The real undoing of Bordonian culture in the later half of the 18th century was entirely of the Bordonians' own making. Their urge to experiment with every conceivable dance style, an urge which had led them to sample nearly every European dance fashion of the previous two centuries, led them to bring back to the ballrooms of Terpsichorea a dance which would turn life as they knew it up-side down. The dance was the minuet, and for fifty years the Bordonians obsession with mastering it killed social dancing. Assemblies fell under the birch-rod authority of floor managers who, with plumed-tricorn in one hand and handkerchief in the other, would swoop to correct and admonish. Experienced choreographers looked on in disbelief as their compatriots of both sexes donned jewels, beauty spots, enormous powdered coiffures and artificial airs to follow their newly-appreciated franco-phone prince through an exercise in nothing more than manners and gesticulation. The human body which Bordonians had for centuries allowed to thrill in the dizzy exhilaration of dance, now, like a well-ordered state, was to be ruled by the head and each part was to know its exact place and twitch and defer according to reason and duty. A generation emerged ashamed not only of the old language, but also of their old dance tradition. It was not till the French Revolution ended the infection at source, and, by its own excesses, discredited the Enlightenment philosophies which had helped it spread, that the Bordonians began to reflect on and take pride again in the heritage they had nearly lost. Naturalism and spontaneity returned, social dancing was reinstated and a new generation attempted to catch up with developments in the English country dancing style which they had embraced a century earlier and which in the meantime had evolved in North America into lively improper contra dancing.

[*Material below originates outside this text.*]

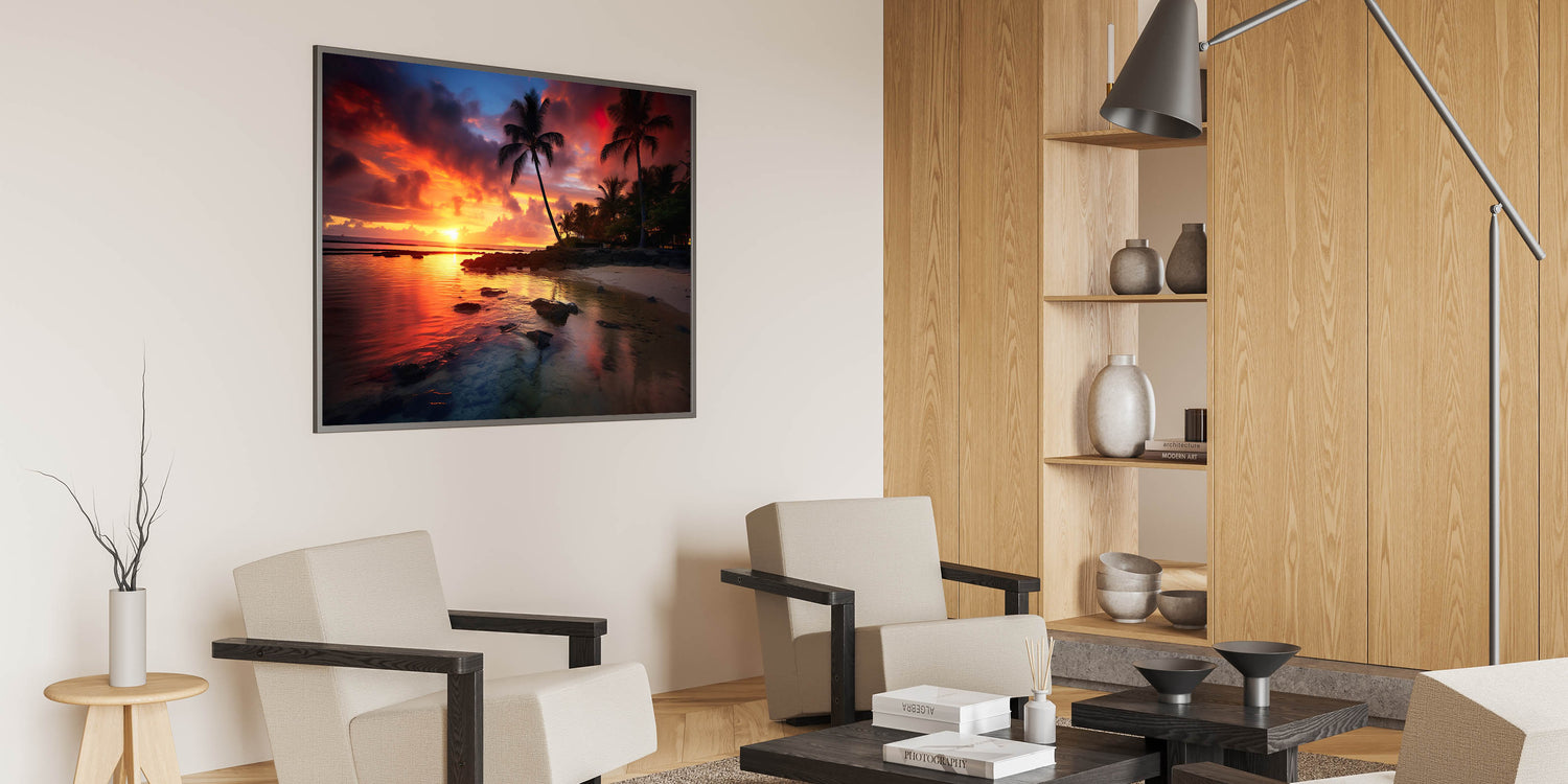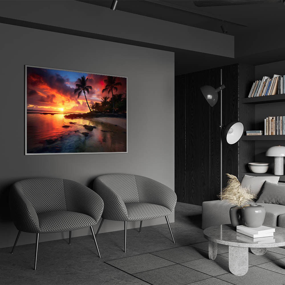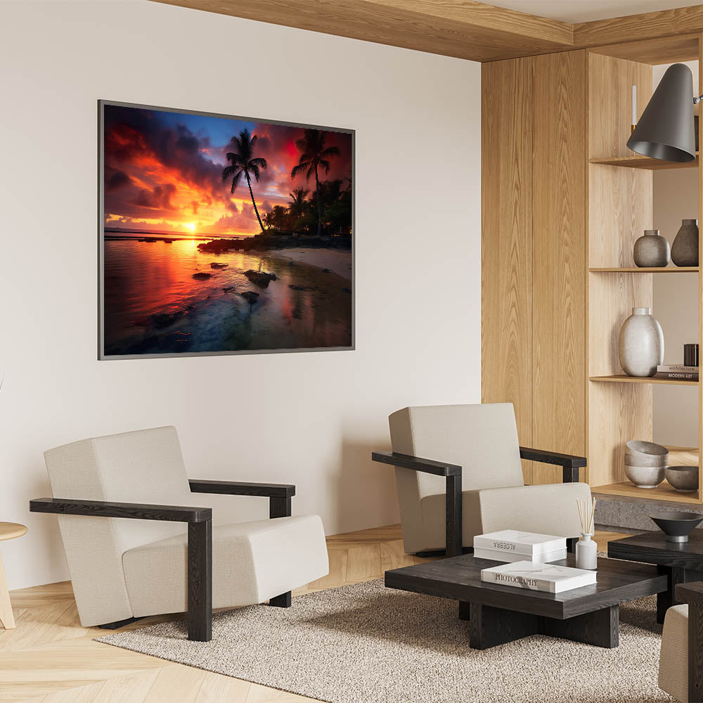 Bring the breathtaking beauty of a Bahamas sunset into your home with this stunning beach painting. Featuring a dramatic sky ablaze with fiery hues of orange, red, and purple, the scene is accentuated by palm trees silhouetted against the colorful sky. The peaceful waters reflect the rich tones of the sunset, creating a calming yet vibrant tropical atmosphere. This artwork is perfect for anyone looking to enhance their living space with a touch of Caribbean elegance and warmth.

In the first half of the 19th century, after weathering the Napoleonic Wars, the people of Bordonia were as keen as anyone in Europe to embrace a lighter mode of living. For the women, the high coiffures gave way to shorter hair and ringlets, heavy loops and deep decolletage to more practical high waisted frocks crossed with braid beneath the breasts. For the men, the square-tailed indoor overcoat gave way to a thinner-tailed coat buttoned at the waist, the knee breeches and stockings to slender trousers and the square-toed shoe with its heavy buckle to a lighter slipper. The people were ready for the fast turning of the waltz, mazurka, schottische and polka. As elsewhere in Europe Bordonians were soon putting the new steps into dances in the older circle, longways or quadrille forms and the resulting new dances along with new versions of the couples dances were turning into new folk dances. Pre-eminent among Bordonian dance masters at the time was Jan D'Honger. Like his contemporaries Cellarius, Coralli, Markowski, and Laborde, D'Honger sought to extend that which was possible with the traditions in hand. He sought to instil in his dancers a spirit of improvisation believing, as Coralli once remarked, that 'Uniformity exists only for novices or the unskilled', at the same time as trying to record in definitive sequences the most interesting choreographic possibilities. In 1850 he put both old and new material into his Pleasures for Four Seasons. At the time problems of widespread poverty and unemployment were being compounded by a growing famine. In 1844 the grain harvest failed, in 1845 blight destroyed the potato crop and in 1846 the grain crop was lost to early summer heat. By 1848 many saw migration as the only way out. Over the next twelve years thousands of Bordonians joined their Wendish neighbours on long sea voyages to lands in which they hoped to find a better life. Terspichorea fell into ruin. A people who once made a language out of dance, a devotion out of balls and a religion out of their social calendar were scattered, and the surviving villagers in Nenirja and Dudelsac struggle to keep their traditions alive.